News Column

Alicia Abella: A 'Change Agent' For AT&T, Also a Mentor to Young People

April 7, 2010

By Joshua Molina, Deputy Managing Editor

At AT&T, Alicia Abella is widely regarded for her efforts in developing long-distance collaboration tools.

In her capacity as Executive Director of Innovative Services Research at AT&T Labs, she led a group of researchers dedicated to eliminating the need for plane travel and other commuting methods that potentially harm the environment or overuse energy resources.

She has developed technologies that focus on teleconferencing, Web-based solutions, and iPhone App-based solutions that promote work and rapid-response collaboration across the globe.

"We are really trying to enhance the way people are communicating with each other," Dr. Abella said of her work at AT&T. "We are innovative and we are doing things that have their best interests in mind."

In 1995, Dr. Abella joined AT&T, shortly after earning a doctorate at Columbia.

As Executive Director of the Innovative Services Research Department, Dr. Abella manages technical staff that specializes in data mining, user interfaces, mobile services and other emerging technologies.

She leads the development of technological innovations that help people collaborate at a distance and over time. She also serves as Vice President of the Young Science Achievers Program and chair of the AT&T Labs Fellowship Committee.

In that capacity, Dr. Abella has worked to increase the presence of minorities and women working in science.
One of HispanicBusiness magazine's 2010 Woman of the Year finalists, she has also been honored with the 2008 Hispanic Engineers National Achievement Award and recognized by the Congressional Hispanic Caucus Institute for her company's work in developing green technology.

Dr. Abella's direct supervisor at AT&T said she has been a key influence in ATT's growing interactive, integrated technology efforts.

"Alicia is a change agent," said Chuck Kalmanek, vice president of Networking & Services Research. "She has a vision of innovative services that draws on her extensive experience in human-computer interaction and an intuitive understanding of how technologies like social networks change the way that users interact with each other and with our services."
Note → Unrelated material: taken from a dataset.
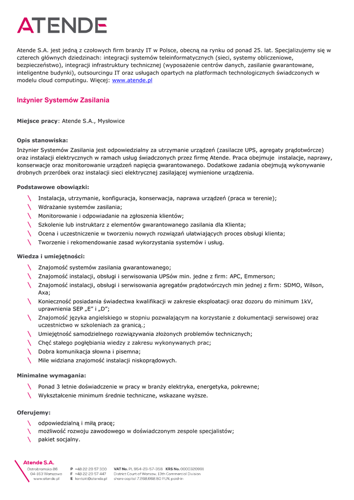 Atende S.A. jest jedną z czołowych firm branży IT w Polsce, obecną na rynku od ponad 25. lat. Specjalizujemy się w czterech głównych dziedzinach: integracji systemów teleinformatycznych (sieci, systemy obliczeniowe, bezpieczeństwo), integracji infrastruktury technicznej (wyposażenie centrów danych, zasilanie gwarantowane, inteligentne budynki), outsourcingu IT oraz usługach opartych na platformach technologicznych świadczonych w modelu cloud computingu. Więcej: www.atende.pl Inżynier Systemów Zasilania Miejsce pracy: Atende S.A., Mysłowice Opis stanowiska: Inżynier Systemów Zasilania jest odpowiedzialny za utrzymanie urządzeń (zasilacze UPS, agregaty prądotwórcze) oraz instalacji elektrycznych w ramach usług świadczonych przez firmę Atende. Praca obejmuje instalacje, naprawy, konserwacje oraz monitorowanie urządzeń napięcia gwarantowanego. Dodatkowe zadania obejmują wykonywanie drobnych przeróbek oraz instalacji sieci elektrycznej zasilającej wymienione urządzenia. Podstawowe obowiązki: \ \ \ \ \ \ Instalacja, utrzymanie, konfiguracja, konserwacja, naprawa urządzeń (praca w terenie); Wdrażanie systemów zasilania; Monitorowanie i odpowiadanie na zgłoszenia klientów; Szkolenie lub instruktarz z elementów gwarantowanego zasilania dla Klienta; Ocena i uczestniczenie w tworzeniu nowych rozwiązań ułatwiających proces obsługi klienta; Tworzenie i rekomendowanie zasad wykorzystania systemów i usług. Wiedza i umiejętności: \ \ \ Znajomość systemów zasilania gwarantowanego; \ Konieczność posiadania świadectwa kwalifikacji w zakresie eksploatacji oraz dozoru do minimum 1kV, uprawnienia SEP „E” i „D”; \ Znajomość języka angielskiego w stopniu pozwalającym na korzystanie z dokumentacji serwisowej oraz uczestnictwo w szkoleniach za granicą.; \ \ \ \ Umiejętność samodzielnego rozwiązywania złożonych problemów technicznych; Znajomość instalacji, obsługi i serwisowania UPSów min. jedne z firm: APC, Emmerson; Znajomość instalacji, obsługi i serwisowania agregatów prądotwórczych min jednej z firm: SDMO, Wilson, Axa; Chęć stałego pogłębiania wiedzy z zakresu wykonywanych prac; Dobra komunikacja słowna i pisemna; Mile widziana znajomość instalacji niskoprądowych. Minimalne wymagania: \ \ Ponad 3 letnie doświadczenie w pracy w branży elektryka, energetyka, pokrewne; Wykształcenie minimum średnie techniczne, wskazane wyższe. Oferujemy: \ odpowiedzialną i miłą pracę; \ możliwość rozwoju zawodowego w doświadczonym zespole specjalistów; \ pakiet socjalny. Prosimy o wysłanie CV oraz listu motywacyjnego z podaniem stanowiska pracy w tytule na adres e-mail: [email protected] Do oferty prosimy dołączyć oświadczenie: "Wyrażam zgodę na przetwarzanie danych osobowych dla potrzeb niezbędnych do realizacji procesu rekrutacji, zgodnie z Ustawą z dnia 29 sierpnia 1997 roku o ochronie danych osobowych (Dz. U. z 1997 r., nr 133, poz. 883)." Uprzejmie informujemy, że kontaktujemy się z wybranymi kandydatami.

Following completion of her doctoral degree in computer science from Columbia University, Dr. Abella joined AT&T Bell Laboratories in New Jersey more than 15 years ago during the dot.com boom. Shortly thereafter, she was also there for the bust.

Her experiences over the last decade-and-a-half have helped her company succeed in the current economic environment.

"I have ridden that whole wave from boom to bust and I have seen us go from the big fat years to the leaner years to now our position as an innovative company," Dr. Abella said.

Although much of Dr. Abella's work is on a high technical level, she has also made a commitment to mentoring young people, particularly women and Hispanics.

She is the executive vice president for AT&T's Young Science Achievers program. The goal is to bring more minorities into the science field and to boost their overall awareness of college.

In her capacity as a mentor of young people, Dr. Abella has some sage advice to help them get ahead.
"Young women should participate in internships program," Dr. Abella said.

For women already in the workplace, she said it is important to seek out positive role models.

"Seek out mentors," Dr. Abella said. "Everyone needs a mentor."

She also believes in the importance of quality networking, something that has helped her get ahead.

"It is much better to have quality networking relationships, so you can spend more of your time cultivating that relationship," Dr. Abella said. "Part of that rests on that on a individual's ability to pick the right people. You want to view these people like mentors, but someone who you feel is going to speak on your behalf and be your advocate."

As Dr. Abella looks forward to her continued success, her parents remain her biggest mentors and sources of inspiration.

A first-generation child of Cuban immigrants, Abella's mother didn't know a word of English when she arrived at the age of 23, but went to night school while working in a factory.

She later trained herself to be a commercial artist and her father became a marketing manager.

"They are very proud of me," Dr. Abella said. "My father is no longer living, but he was the one who would brag about me a lot. They showed confidence in me and I was able to show them the type of respect they deserve and were owed."